Wordpress is still a mostly old-school, server-side rendered app that makes a couple dozen HTTP requests to load its initial resources. Things like CSS, images, HTML content, widgets and several JavaScript libraries are all processed through the Apache server. While much of this content is cached by the browser for subsequent requests, the Apache Event MPM module is designed to handle these additional rapid-fire requests more efficiently. What this translates to is faster delivery of many resources, while managing memory as best as possible.

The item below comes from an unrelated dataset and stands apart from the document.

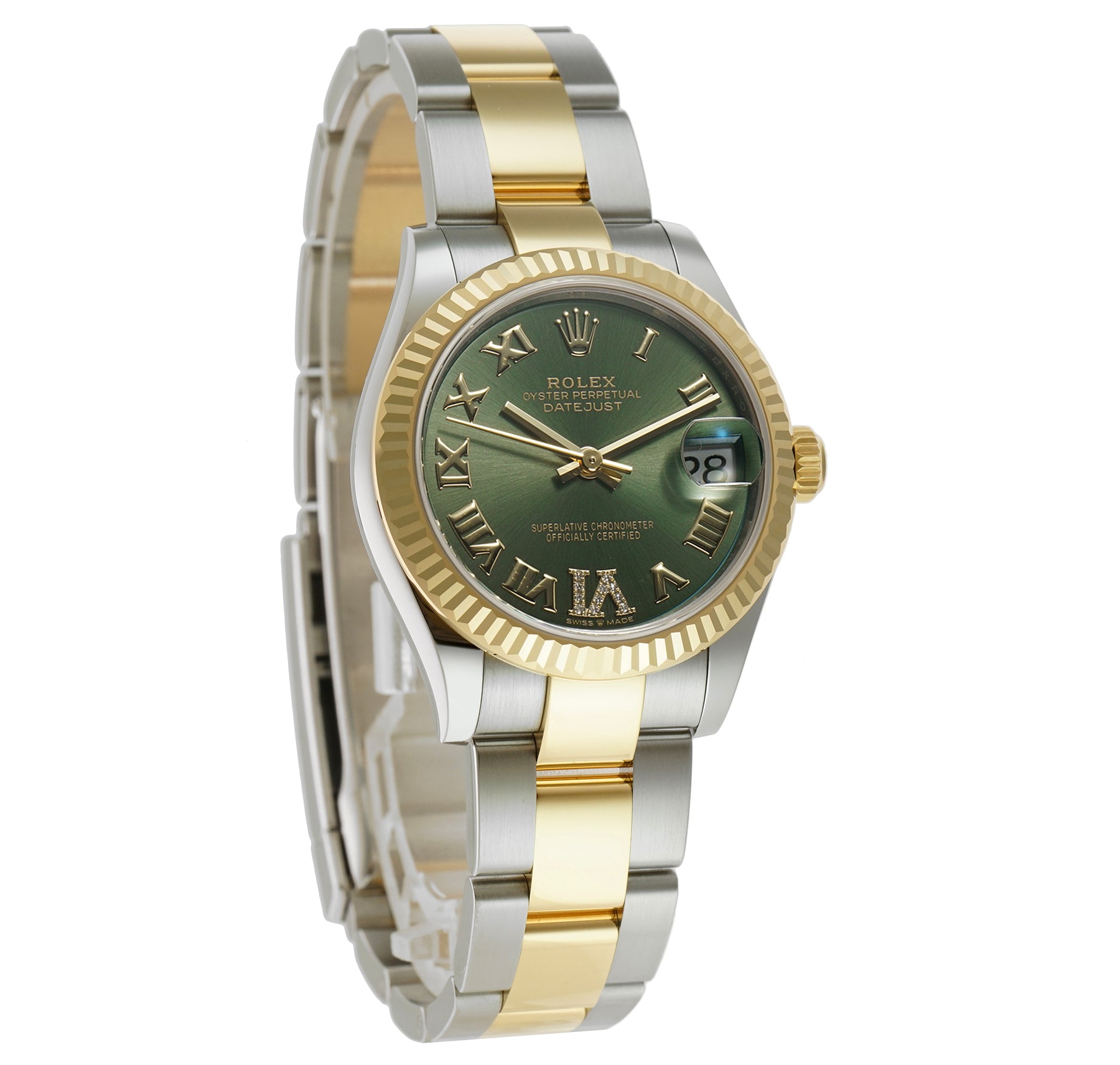 31mm Steel And 18k Yellow Gold Olive Green Roman Diamond Dial Oyster Bracelet

Configuring this module to be conservative on processes so it will run well enough alongside PHP-FPM and MySQL is important:
vim /etc/httpd/conf.modules.d/00-mpm.conf
# Select the MPM module which should be used by uncommenting exactly
# one of the following LoadModule lines.
# prefork MPM: Implements a non-threaded, pre-forking web server
# See: http://httpd.apache.org/docs/2.4/mod/prefork.html
#
# NOTE: If enabling prefork, the httpd_graceful_shutdown SELinux
# boolean should be enabled, to allow graceful stop/shutdown.
#
#LoadModule mpm_prefork_module modules/mod_mpm_prefork.so
# worker MPM: Multi-Processing Module implementing a hybrid
# multi-threaded multi-process web server
# See: http://httpd.apache.org/docs/2.4/mod/worker.html
#
#LoadModule mpm_worker_module modules/mod_mpm_worker.so
# event MPM: A variant of the worker MPM with the goal of consuming
# threads only for connections with active processing
# See: http://httpd.apache.org/docs/2.4/mod/event.html
#
LoadModule mpm_event_module modules/mod_mpm_event.so
ServerLimit 10
ThreadsPerChild 5
ThreadLimit 5
MaxRequestWorkers 50
MinSpareThreads 4
These settings keep the number of httpd
processes around 7 or so, with a minimum of 5 and max of 10 worker processes + the 1 root process that manages the workers. The root process is about 10M for me with the workers running anyware between 6M and 14M. That's roughly 100M of our 1G allotment of RAM, if we're running at max workers. Not bad!